SAS Programming

sasexperienceto · Posted 05-09-2023 04:57 PM

data mydata;
  infile datalines;
  input list $ NDC discount;
datalines;
Nov 11 50
Dec 12 20
Nov 11 50
May 12 .
Mar 11 30
;
run;

data mydata2;
  infile datalines;
  input list $ NDC discount;
datalines;
Jan 11 40
Dec 12 20
Mar 10 50
May 12 .
Mar 11 30
;
run;

proc sql;
  create table x1 as
  select *
  from mydata t1 left join mydata2 t2 on(t1.list=t2.list);
quit;

proc sort data=mydata;
  by list;
run;

proc sort data=mydata2;
  by list;
run;

data x2;
  merge mydata(in=t1) mydata2;
  by list;
  if t1;
run;

Results X1:


Results X2:


There is a topic on the forum like this one, but I would like to know how to correct the proc sql to get the same result from the SAS. can anybody help me?

ballardw · Posted 05-09-2023 05:31 PM

Data step MERGE and SQL joins have to three significant differences. The first affects how duplicate values of BY (join on) variables behave. Merge will truncate data after a limited number of matches. Depending on the specific join the behavior is quite different.

Second is the way Merge treats variables of the same name. You would have to write a specific Coalesce or Coalescec function call in Sql to replicate the behavior, for each and every like named variable.

Third, and the one that can take a truly large amount of SQL code, is the behavior when the "right" set has a value of the By variable that is not matched in the "left". SQL Left Join will completely discard the "right". So you need to do a separate step to get those. Data step Merge with a BY defaults to bringing in the observations from the second set.

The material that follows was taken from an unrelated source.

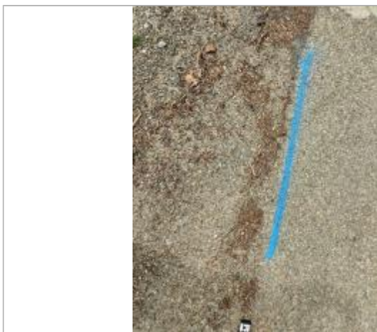
Dépôt sur la chaussée

SQL might be possible for two specific data sets to behave like merge for those sets. Change the number of observations in one of those sets and the code that worked for 12 observations may not work for 13.

My general suggestion is if a data step merge is doing what you want, leave it there. You might be surprised just how much, possibly obnoxious code, it may take to accomplish the same thing in SQL.

Nightmare causing to consider converting a MERGE that involves 3 or more sets (not all with the same variables) as some combination of SQL joins.

Tom · Posted 05-09-2023 05:56 PM

You want to recreate the data step MERGE in pure SQL code?
Why?

Do you only need code that will work for this simple case where the "LEFT" dataset has unique values of the BY variable and the "RIGHT" dataset has some repeated values of the BY variable?

data dsmerge;
  merge mydata(in=in1) mydata2;
  by list;
  if in1;
run;

proc sql;
  create table sqljoin as
    select l.list
         , coalesce(r.ndc,l.ndc) as NDC
         , coalesce(r.discount,l.discount) as discount
    from mydata l
    left join mydata2 r
    on l.list = r.list
  ;
quit;

The COMPARE Procedure
Comparison of WORK.DSMERGE with WORK.SQLJOIN
(Method=EXACT)

Data Set Summary

Dataset                Created          Modified  NVar    NObs

WORK.DSMERGE  09MAY23:18:07:32  09MAY23:18:07:32     3       6
WORK.SQLJOIN  09MAY23:18:07:32  09MAY23:18:07:32     3       6


Variables Summary

Number of Variables in Common: 3.


Observation Summary

Observation      Base  Compare

First Obs           1        1
Last  Obs           6        6

Number of Observations in Common: 6.
Total Number of Observations Read from WORK.DSMERGE: 6.
Total Number of Observations Read from WORK.SQLJOIN: 6.

Number of Observations with Some Compared Variables Unequal: 0.
Number of Observations with All Compared Variables Equal: 6.

NOTE: No unequal values were found. All values compared are exactly equal.

It is not really possible to replicate the general data step merge.

You can get closer if you have some type of variable that numbers the rows within the BY groups in each dataset. But you would need a DATA STEP to make such a variable.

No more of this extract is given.